== SOURCE DATA ==

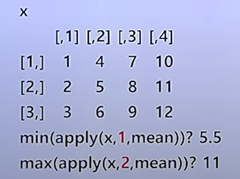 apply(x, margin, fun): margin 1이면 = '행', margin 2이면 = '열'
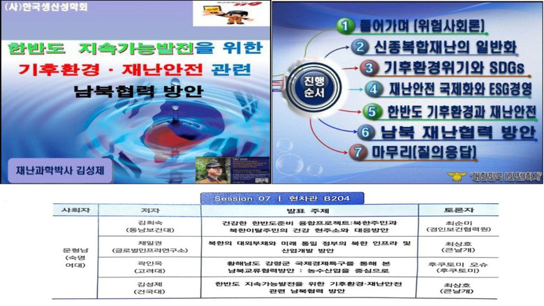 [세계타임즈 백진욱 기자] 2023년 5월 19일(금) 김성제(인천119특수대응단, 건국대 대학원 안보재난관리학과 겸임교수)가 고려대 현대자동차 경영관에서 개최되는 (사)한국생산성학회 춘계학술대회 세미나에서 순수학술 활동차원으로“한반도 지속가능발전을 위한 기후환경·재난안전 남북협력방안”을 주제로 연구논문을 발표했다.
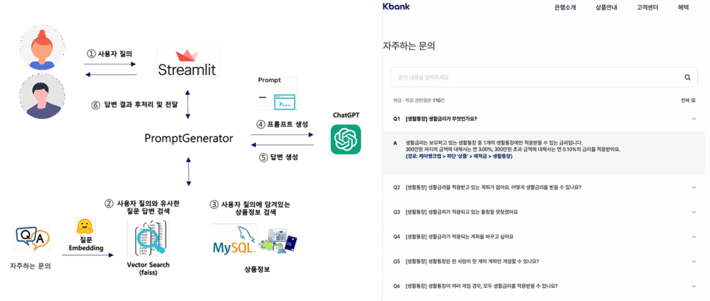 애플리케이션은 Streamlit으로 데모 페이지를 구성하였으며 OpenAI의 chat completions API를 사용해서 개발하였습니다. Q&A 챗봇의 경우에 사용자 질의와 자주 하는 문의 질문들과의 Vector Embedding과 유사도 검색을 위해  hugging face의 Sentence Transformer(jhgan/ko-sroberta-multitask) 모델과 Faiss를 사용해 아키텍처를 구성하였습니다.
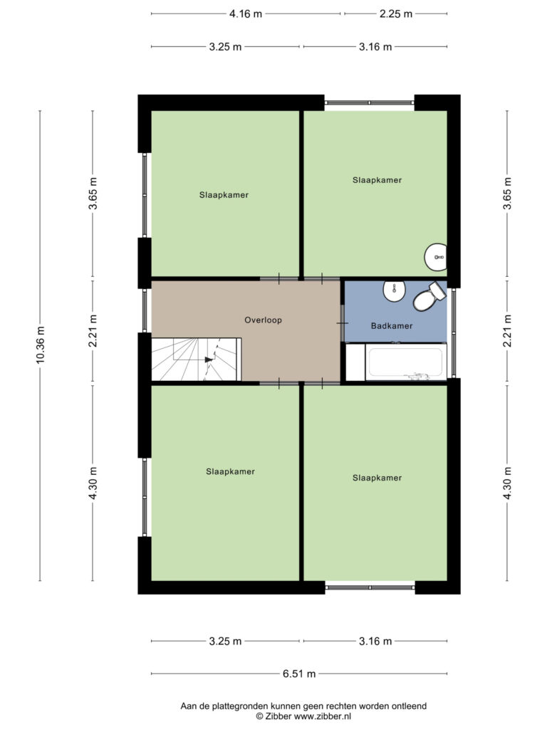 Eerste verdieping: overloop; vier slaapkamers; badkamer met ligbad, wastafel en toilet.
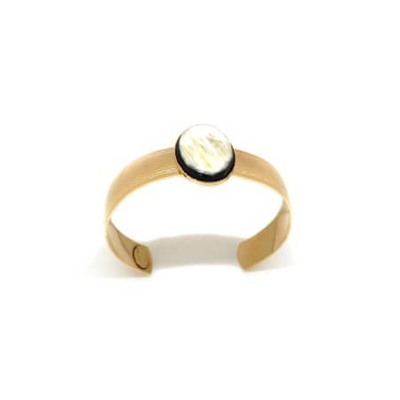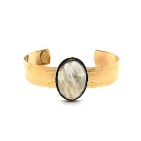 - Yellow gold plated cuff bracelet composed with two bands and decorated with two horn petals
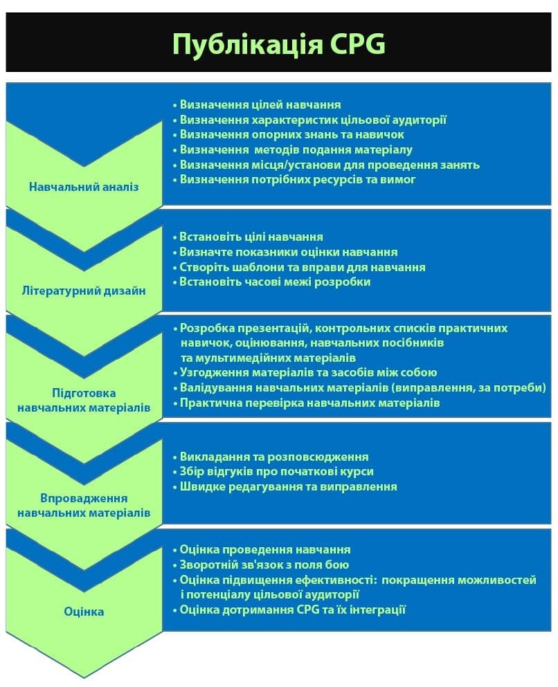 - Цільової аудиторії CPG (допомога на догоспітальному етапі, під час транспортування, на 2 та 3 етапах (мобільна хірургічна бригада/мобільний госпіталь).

== PROBLEM TO SOLVE ==
Retype each entry exactly as it appears, excluding any image.

== EXERCISE OUTPUT ==
 apply(x, margin, fun): margin 1이면 = '행', margin 2이면 = '열'
 [세계타임즈 백진욱 기자] 2023년 5월 19일(금) 김성제(인천119특수대응단, 건국대 대학원 안보재난관리학과 겸임교수)가 고려대 현대자동차 경영관에서 개최되는 (사)한국생산성학회 춘계학술대회 세미나에서 순수학술 활동차원으로“한반도 지속가능발전을 위한 기후환경·재난안전 남북협력방안”을 주제로 연구논문을 발표했다.
 애플리케이션은 Streamlit으로 데모 페이지를 구성하였으며 OpenAI의 chat completions API를 사용해서 개발하였습니다. Q&A 챗봇의 경우에 사용자 질의와 자주 하는 문의 질문들과의 Vector Embedding과 유사도 검색을 위해  hugging face의 Sentence Transformer(jhgan/ko-sroberta-multitask) 모델과 Faiss를 사용해 아키텍처를 구성하였습니다.
 Eerste verdieping: overloop; vier slaapkamers; badkamer met ligbad, wastafel en toilet.
 - Yellow gold plated cuff bracelet composed with two bands and decorated with two horn petals
 - Цільової аудиторії CPG (допомога на догоспітальному етапі, під час транспортування, на 2 та 3 етапах (мобільна хірургічна бригада/мобільний госпіталь).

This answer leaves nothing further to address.